You know what the sad part is? I could attend RCIA classes and go through with the conversion but I still wouldn't have him back. A friend once told me:
"He does not love you as much as you presume he did"
Her words struck a chord with me. I hear a lot of stories about men who did everything in their power to make their relationships work despite all the odds. My father was vehemently against me marrying out of my race and my ex boyfriend thought that it'd be a good idea to pressure me into marriage without first trying to appease my father and win him over. And yet he had many, many expectations of me.
Although I don't claim Catholicism as my religion, I have come to accept the Catholic Church's main tenets (NFP as the only form of birth control, raising children under the Catholic faith, no abortion under any circumstances) and even found beauty in many of its' teachings.
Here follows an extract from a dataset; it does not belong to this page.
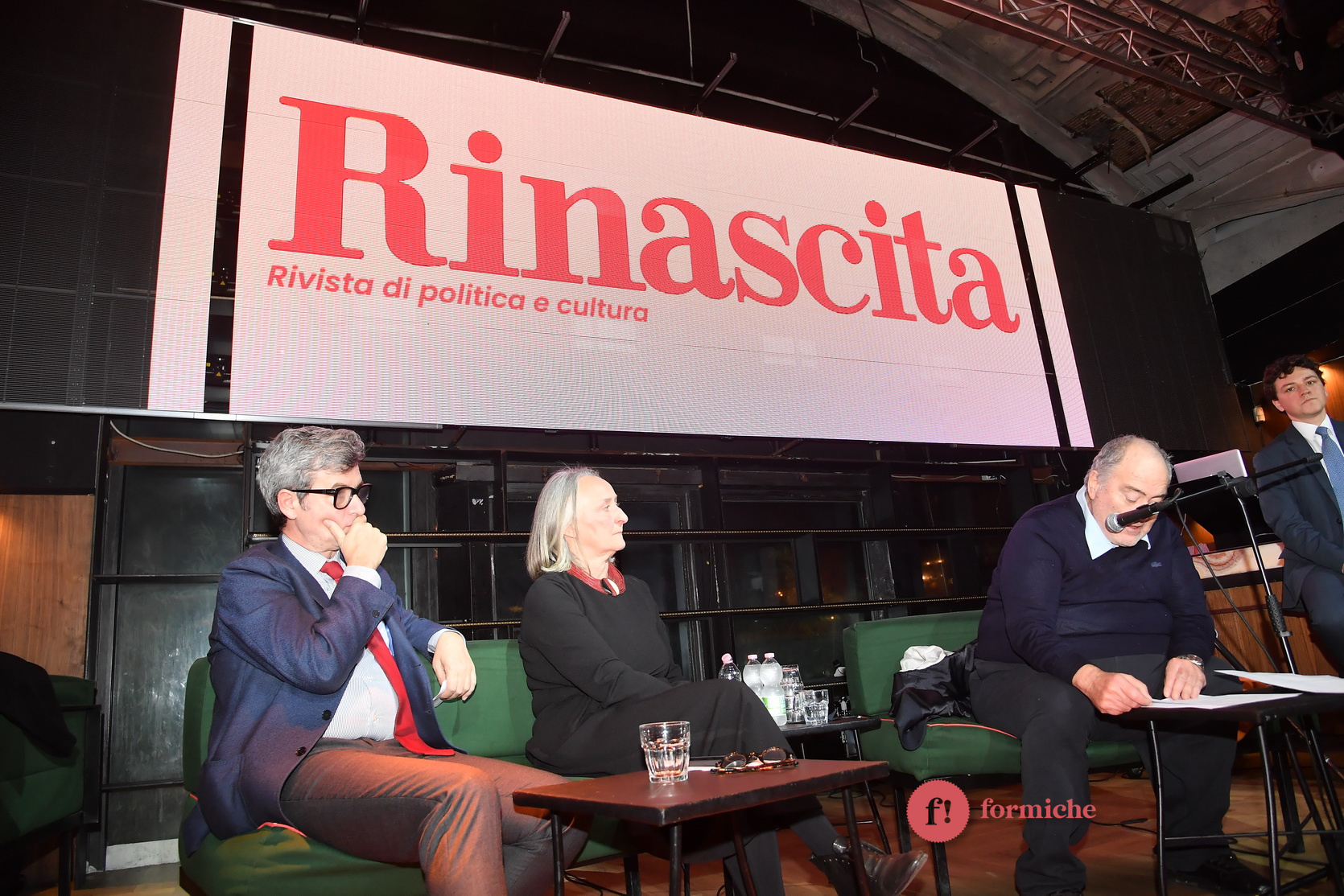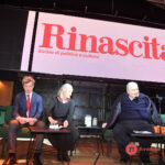 Sul palco c’erano Goffredo Bettini, Andrea Orlando e Sabrina Alfonsi, all’aperitivo per la riapertura di Rinascita, storica rivista del Partito comunista riportato in vita lo scorso novembre proprio da Bettini.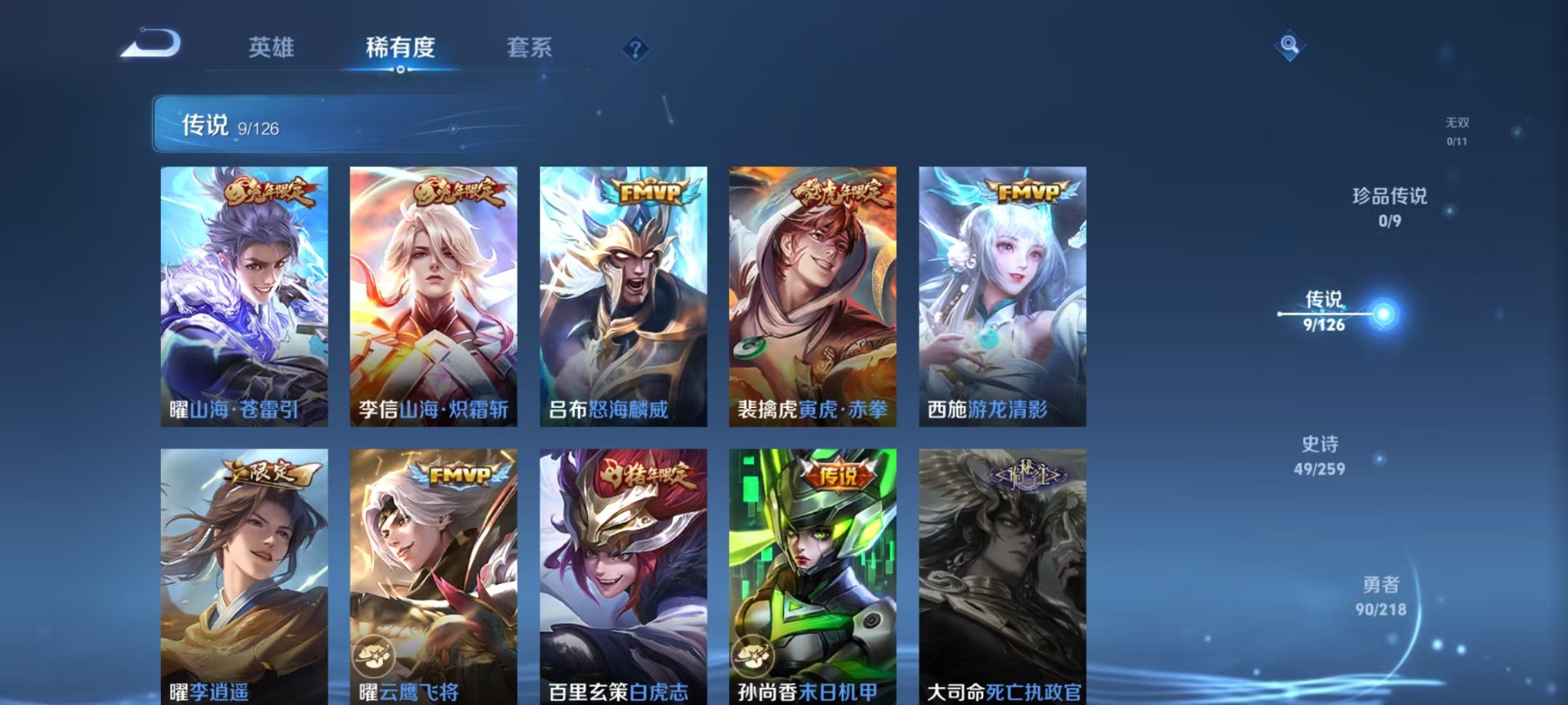 - [12135097]V9 1典藏 3无双 1珍品传说 27传说 125英雄 352皮肤 可修改实名 优质装备:弑枪猎影(韩信典藏),碎月剑心(李白无双),韩信群星魔术团(韩信无双),器灵·螭龙剑,怪盗基德,黄金狮子座,云鹰飞将(小将军),猫影幻舞,炽阳神光,一念神魔,末日机甲-孙尚香(绿蚂蚱),地狱火,仲夏夜之梦(大飞蛾),地狱之眼,胖达荣荣,乞巧织情,时之恋人-刘备(电焊工),游龙清影(小青龙),挚爱之约,鹤羽星尊,妄想实况,鹤归松栖(云缨),澜逐花归海,涂山容容 传说皮:乘龙·铭钟鼎(赵云年限),乘龙·淬吴钩(孙策年限),云诺千山,铠冥王哈迪斯,续相思,幻光神枪 珍宝阁皮:女武神,玩趣恶龙 限定皮:逐霄战戟,鸣野蒿,至尊宝,凤求凰(白切鸡),傲雪梅枪,神威(电光马子),飞衡(韩信年限),幽恒(沐浴露),梁祝,天狼狩猎者,李小龙,逐梦之影,辉光之辰,孙行者,大圣娶亲,美猴王 史诗皮:赞萌露比,化蝶舞,星界战将,谪仙醉月,龙之律动,雪豹·霜爪,百相守梦-周瑜,茶境仙,破空之剑,海诺心动手记,蔬乡物语(鲁班七号),百相守梦-百里守约,百相守梦-黄忠,织梦人,紫霞仙子,苍穹之光,电玩小子(小书包),白龙吟,黄金分割率,特工魅影,千年之狐,江河有灵,鹤归松栖(赵怀真),真我赫兹(百里守约),百解令(蒙犽),高渐离燃音魔法,蒙恬荣光圣徽,冰冠公主,青蛇,偶像歌手,龙骑士(小龙虾),末日机甲-吕布,猫狗日记-孙策,乱世虎臣,节奏热浪,女仆咖啡,摇滚巨星,水果甜心,天才门将,星夜王子,心灵骇客,功夫厨神,德古拉伯爵,暗隐猎兽者,幽灵船长,鬼剑武藏,暗渊魔法,心灵战警,乐园奇幻夜,舞动绿茵,地狱岩魂,纤云弄巧,拒霜思,缤纷独角兽,乘风破浪,逐浪之夏,月团寄思,水晶猎龙者,曙光守护者,箭羽风息,金属风暴,原初追逐者,圣诞狂欢,圣诞恋歌,鹰眼统帅,暗夜贵公子,魅力维加斯,黎明之约,赏金猎手,无心,未来纪元-赵云

And yet the ex accused me on not accepting his Catholic faith. What exactly did he want me to do?? I may not have spent enough time with the ex's family but that is my nature. I am a true introvert at heart.
It is too late for anything now. I cannot force somebody to be in a relationship that he does not want to be in. Yes, it was my suggestion to break up and I do feel like a cheater who promises she will no longer cheat but still does it anyway. But why couldn't he have fought a little harder? I don't always have the best judgement and I am a horrible decision maker (to think that I am in a leadership role, shudders!).